Guest More than 1 year ago
FOLSOM PRISON BLUES ROCKS IT IS ONE OF THE BEST SONGS HE SINGS
Guest More than 1 year ago
An artist with a mic and a guitar in front of an audience of convicts playing live has to be the ultimate test of true talent and Mr.Cash is nothing less than superb on this album.This album contains the definitive rendition of "Folsom Prison Blues" as well as 18 other great songs.With the prison announcements and the clinks and clangs of the metal that he is surrounded by Mr.Cash recorded what many consider not just the greatest live country album but prehaps the greatest live album in any genre. Get a copy today and see why Johhny Cash is the greatest country artist of all time.

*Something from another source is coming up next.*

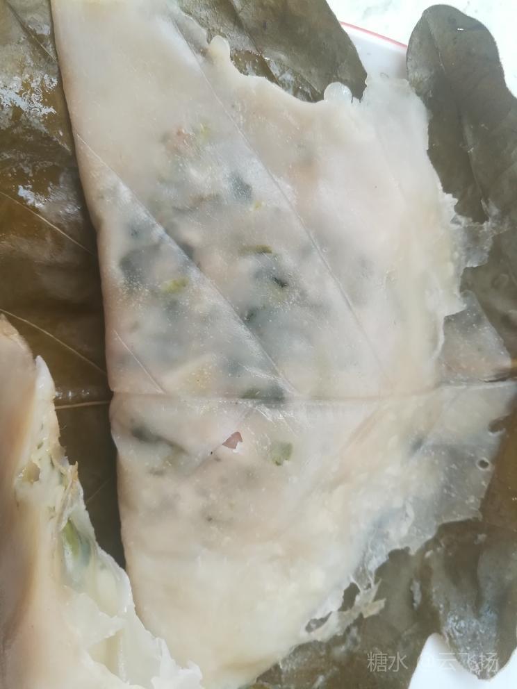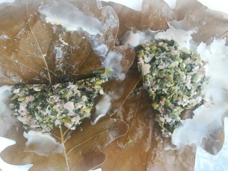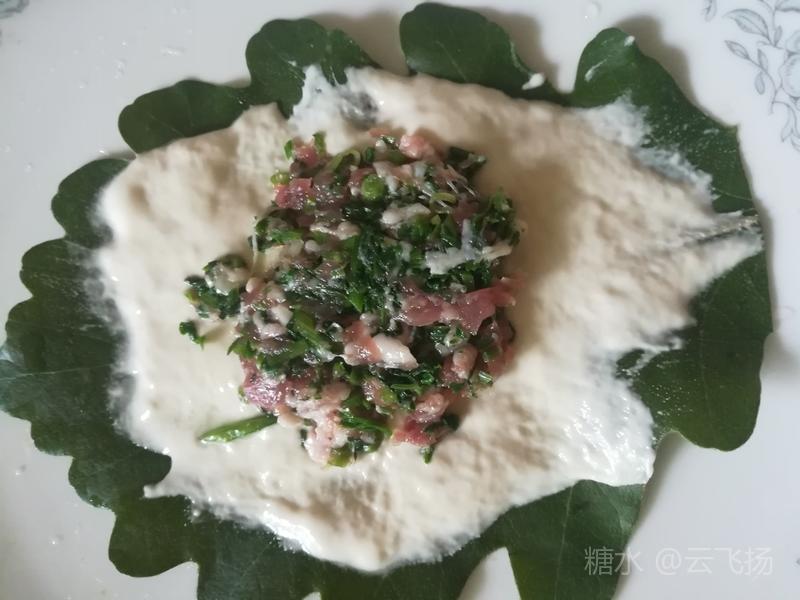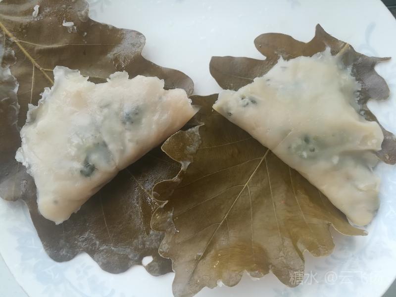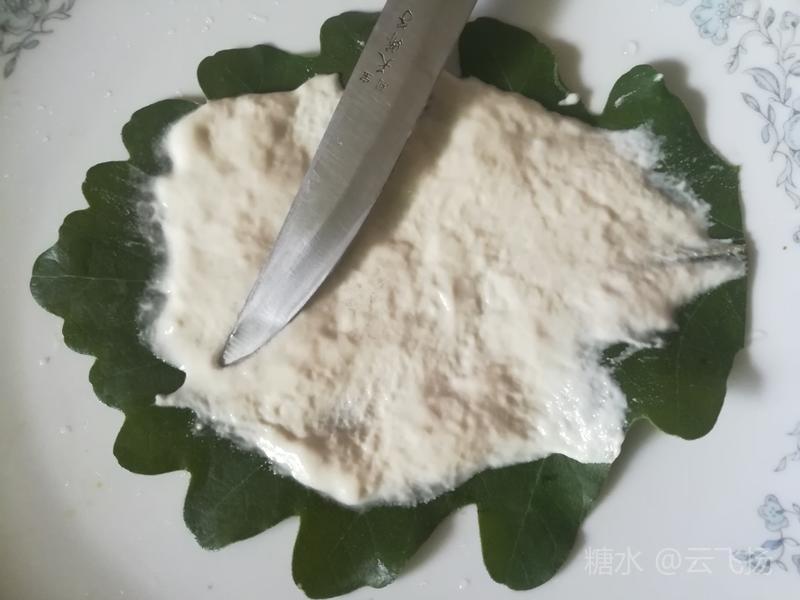 做到最后,面糊用完了,就把馅儿直接放到桲椤叶上了,用残余的面糊粘上,这算不算创新呢。

Anonymous More than 1 year ago
In a radical tour de force, Johnny Cash gave his standout performance at California's Folsom Prison in 1968, which was captured in his highly acclaimed live folk album that same year. With it's unique mixture of inspiring folk music and down home country and western virtuosity, The Man In Black captivated and inspired the prisoners who had attended the packed room where he performed, and it has been said that the live act change many of the prisoners' lives. Backed by his jubilent Top Ten reindition of Folsom Prison Blues, the live performance have struck a chord among his fans- admirers, The Nashville Establisment and the folk music scene when At Folsom Prison became a blockbuster hit and made The Ten Best List critics' album list for 1968. Known as a country and western titan, Johnny Cash was even known as a powerful folk singer who captivated both audiences and listeners with his moving and inspirational folk music artistry. (From 1957 to 2004, Cash would released more folk albums than his country and western albums). What is even so ironic about about The Man In Black is this live album even has the power to inspire those who are in need of hope and salvation, thanks to his proud support for civil rights causes and advocating for the help of the downtrodden, among others. Now thanks to Columbia Records and Sony Music, we can listen to At Folsom Prison in it's digitally-remastered expanded format, which makes it 100% more complete and restored to perfection. It is one of many music works that will always test the boundaries of right or wrong!